3. If all goes well, brand new sprouts will begin to emerge in as short as ten to fourteen days. Once you see the tomatoes sprout, transfer to a well-lit area or to your grow room and provide plenty of sunlight or grow light to encourage the robust growth of seedlings.

4. When the tomato seedlings are about two inches in height, it is time to transfer to the main hydroponics setup. At this point in time, you should continue maintaining the ambient temperature of eighteen to twenty-five degrees Celsius to support your crops.

Tomato plants can survive up to 55 degrees Fahrenheit. At night, it’s perfectly fine to allow the ambient temperature to dip to as far as 12 degrees Celsius. Take note that if the temperature reaches 90 degrees Fahrenheit, your tomato plants can dry up and die pretty quickly.

5. It can be tricky to provide the right mix of nutrients to tomato plants in the beginnings because they suck up nutrients faster than other cultivars. The situation can even be trickier when your greenhouse has multiple types of cultivars and the crops absorb nutrients at varying intensities and volumes.

If your hydroponics system will be supporting mostly tomatoes, you can try to find a liquid fertilizer that is geared toward tomatoes specifically, so you can get crops that are of the right color, size, and flavor. Yes – your choice of nutrient solution or fertilizer will have a direct impact on the palatability and flavor of your tomatoes.

6. Tomato plants are not so picky with their grow media. You can use expanded clay pellets, coconut coir, rockwool, and perlite. Take note that perlite is usually added to other media because this medium is so lightweight that it can be easily carried away by a current of water.

7. It is always a good idea to monitor your tomato plants so you can spot potential problems early on.

Among the most common signs of plant disease in tomato plants are discolored or yellowing leaves, reddish or brownish stems, curling leaves, and dropping of flowers. While some loss of flowers is normal, there is definitely a problem if you see this occur in large sections of your crops.

8. If you are thinking of transplanting adult plants or using saplings from conventional garden setups, don’t.

Parasites and other pathogens from the soil can invade a hydroponics setup and you may end up having to clear and flush your setup before you can use it again.

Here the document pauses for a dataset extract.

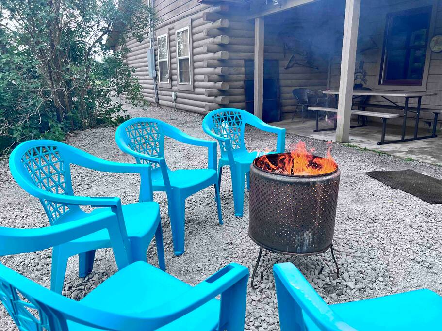 The property hosts 2 Airbnbs. Bigfoots Tiny Log Cabin, Sweet Cabin Suite Cabin (this listing). if you have a larger group or want to invite some friends. Please see all our listings to check availability. Each rental has designated "private spaces" that are offset from each other and unique in their own way. Each rental has its own grill and fire pit. Each rental is a separate structure from one another. This one is the back side of duplex with private covered hot tub and patio equipped with picnic table.
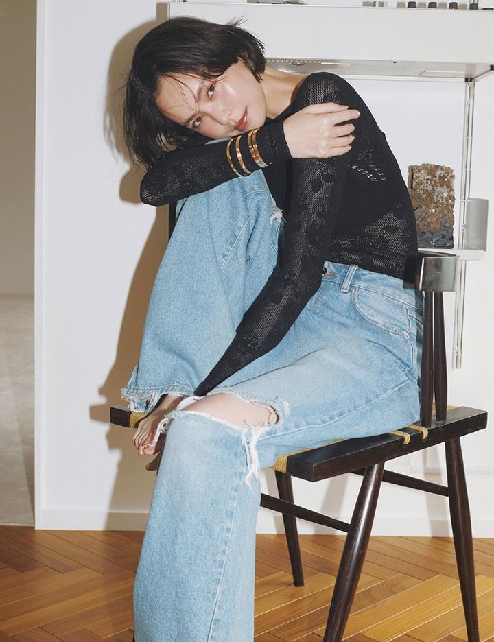 「LOVE」ブレスレット、手先から:[YG]¥1,174,800、[PG]¥1,174,800、[PG×DIA※ブラッシュ仕上げ]¥1,887,600、[YG]¥968,000、「LOVE」イヤリング[YG]¥260,700(全てカルティエ/カルティエ カスタマー サービスセンター)、ボディスーツ¥42,900(フェティコ/ザ・ウォール ショールーム)、中に着けたブラ¥6,600(ナイスナイスモーメント/ショールームリンクス)、デニム¥55,000(セファー/サカス ピーアール)

The soil has a lot of things in it, in addition to being an appropriate medium for plants. In addition to bacteria, there are molds and fungi that can invade your system and cause problems for all your crops.

How Far Apart To Space Hydroponic Tomatoes?

Tomato plants require plenty of space to grow, even if you are cultivating a vining-type cultivar. You can try the bucket method too, if you want to place a tomato cage over the plant to help manage the vines.

How Many Hours of Light For Hydroponic Tomatoes?

Tomatoes are heat-loving plants that need plenty of daylight. Exposure to fourteen to sixteen hours of daylight is fine for tomatoes, followed by ten to twelve hours of no light. If you are using high output LED grow lights make sure that you activate the appropriate setting to maximize their effect on your plants.

How Long Does Hydroponic Tomatoes Take To Grow?

Depending on the cultivar you have in your greenhouse, you may be ready to harvest in as short as 45 days, although some varieties require at least 70 days before the first harvest. Once mature, many of the most popular tomato plants can continue producing tomatoes for up to twelve months.

How To Harvest Hydroponic Tomatoes?

Harvesting tomatoes is fairly easy. Simply choose ample-sized fruits that are ripe or almost ripe and collect them by hand. Leave the budding and unripe ones on the vine or stalk.

Does Hydroponic Tomatoes Taste Better Than Regular Soil Tomatoes?

Hydroponic tomatoes can most definitely taste better than soil-grown tomatoes. The reason for this is that hydroponics tomatoes can be fed with just the right amount of nutrients and the right type of mix of nutrients all year long.

You can adjust what your plants are feeding on and see which nutrient mix produces the best flavor. Since tomato plants are in high demand commercially, there are plenty of manufacturers that are producing liquid fertilizers specifically for tomato plants.